» **What you are asked to do**:
Your copy should match the entries exactly, with the pictures left out.

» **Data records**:
--- START ---

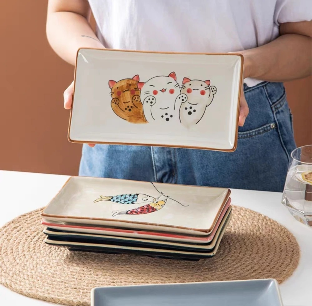 PLATO CERAMICA RECTANGULAR 22CM TRES GATOS
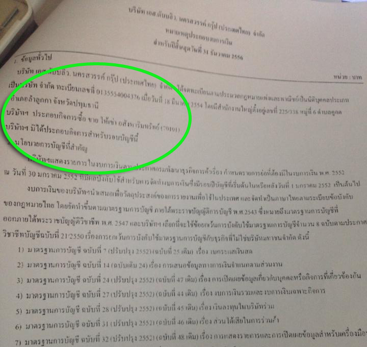 ขณะที่ผู้สอบบัญชี ระบุไว้ในหมายเหตุงบการเงินว่า ในปี 2554 และปี 2556 ล่าสุด บริษัทฯ มิได้ประกอบกิจการ
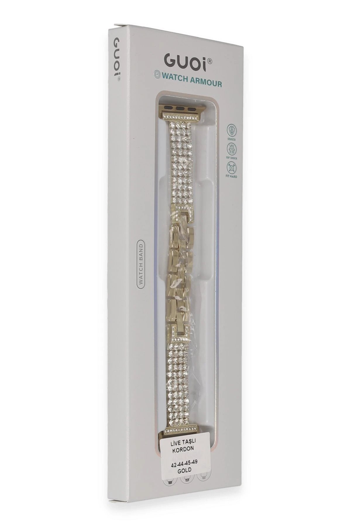 Apple Watch 38mm Live Taşlı Kordon - Gold-(5796)
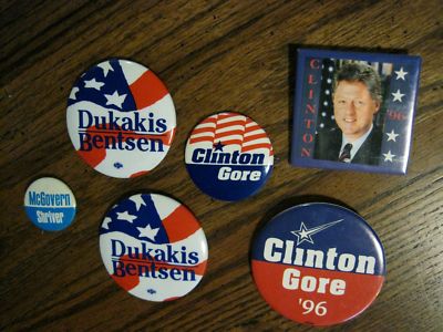 Title (ebay affiliate link): McGovern, Dukakis, Clinton Campaign Buttons
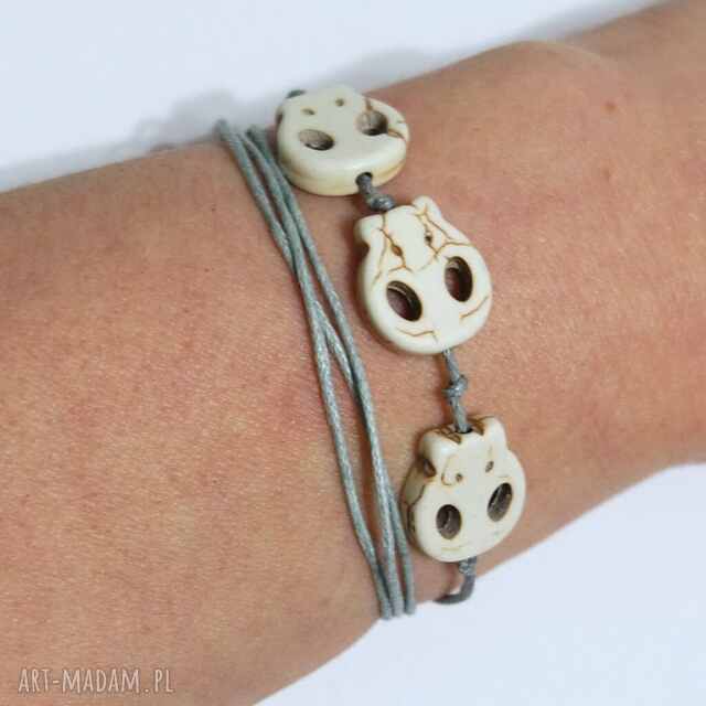 szybka wysyłkaBransoletka - czaszki - brązowa, sznureczki. Bransoletka zrobiona jest z woskowanych sznureczków i czaszek z howlitu, na karabińczyk55,00 zł
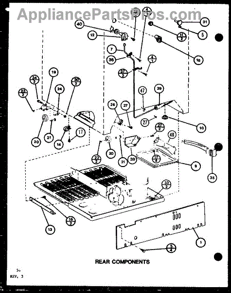 This factory screw secures appliance components to their mounting points. Replace missing, worn, or stripped hardware to restore a tight fit, proper alignment, and quieter operation across the affected assembly.

--- END ---

» **Response to the task**:
 PLATO CERAMICA RECTANGULAR 22CM TRES GATOS
 ขณะที่ผู้สอบบัญชี ระบุไว้ในหมายเหตุงบการเงินว่า ในปี 2554 และปี 2556 ล่าสุด บริษัทฯ มิได้ประกอบกิจการ
 Apple Watch 38mm Live Taşlı Kordon - Gold-(5796)
 Title (ebay affiliate link): McGovern, Dukakis, Clinton Campaign Buttons
 szybka wysyłkaBransoletka - czaszki - brązowa, sznureczki. Bransoletka zrobiona jest z woskowanych sznureczków i czaszek z howlitu, na karabińczyk55,00 zł
 This factory screw secures appliance components to their mounting points. Replace missing, worn, or stripped hardware to restore a tight fit, proper alignment, and quieter operation across the affected assembly.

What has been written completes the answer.